Here’s my exact daily trading routine that has helped me stay alive (and even thrive) during brutal bear markets:

1️⃣ Start With Market Context (Macro Before Micro)

Every day begins with macro review — not charts.

U.S. dollar strength (DXY index)

Global equities (S&P 500, Nasdaq)

Fed policy updates

Global liquidity trends

Bond yields

Crypto market cap & BTC dominance

💬 Arthur Hayes:

"Macro rules everything in crypto. Liquidity drives price."

Why it matters:

In bear markets, crypto is highly correlated with global risk sentiment.

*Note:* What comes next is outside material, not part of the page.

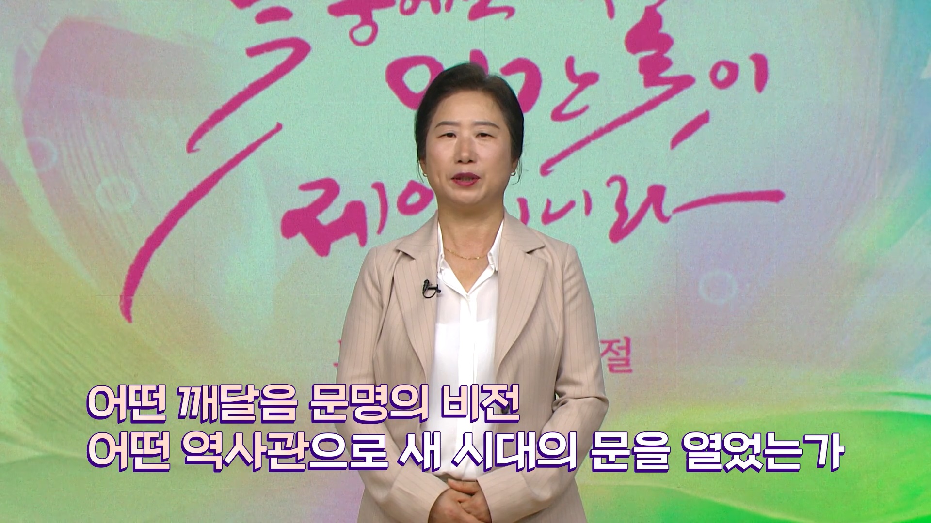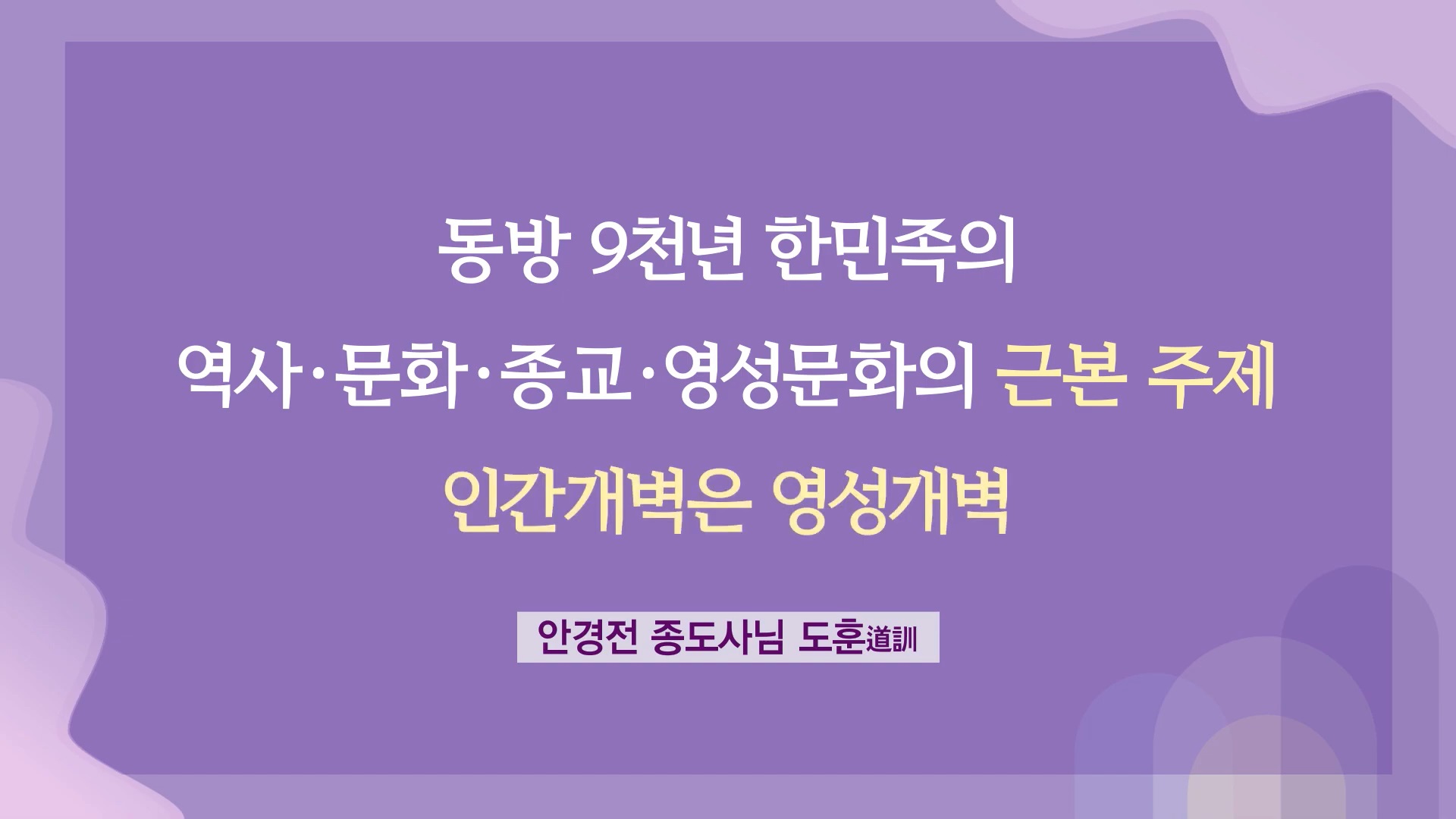 개벽은 우주가 열린 이래 언제나 매 순간 살아 움직이는 현실이며 우주 만유의 미래입니다. 인류는 머지않아 자연개벽과 문명개벽과 인간개벽이 동시다발적으로 일어나는 후천개벽을 맞이하게 됩니다. 이제 깊이 잠들어 있는 영성을 깨우는 인간개벽을 통해 미몽(迷夢)에서 깨어나 어두운 역사의 블랙홀을 깨고 미래의 새로운 문명을 여는 우주광명의 역사 화이트홀로 개벽해야 한다.

2️⃣ Pre-Market Check: News Scan

Before opening any charts:

Binance News Feed

Cointelegraph headlines

Twitter crypto influencers (filtered)

Whale Alert for large transfers

Regulatory updates

⚠ Unexpected news events move prices faster than technicals.

3️⃣ On-Chain Activity Review

Using Glassnode, CryptoQuant, Lookonchain:

Metric Importance

Exchange inflows/outflows Whale moves

Stablecoin supply Liquidity health

Funding rates Futures positioning

Dormant BTC movement Sentiment signal

4️⃣ Technical Setup Scanning

Time to open the charts — but always after fundamentals.

BTC/ETH 4H and Daily charts

Key levels (support/resistance)

RSI & MACD divergence

Volume profile

Liquidation heatmaps

Order book imbalance (optional)

✅ Focus on trend strength — not predictions.

5️⃣ Watchlist Preparation

I create a fresh watchlist daily:

Type Example Pairs

Safe Havens BTC, ETH

High Beta SOL, TON, AVAX

Speculative Meme coins, AI tokens

DeFi Movers ONDO, AAVE, GMX

Each pair gets:

Entry/exit zones

Max position size

Stop-loss levels

6️⃣ Controlled Trading Hours

Bear markets reward patience:

Trade only 2–4 hours/day.

No 24/7 screen watching.

Focus on high-conviction setups only.

❌ Avoid overtrading. The market will still be there tomorrow.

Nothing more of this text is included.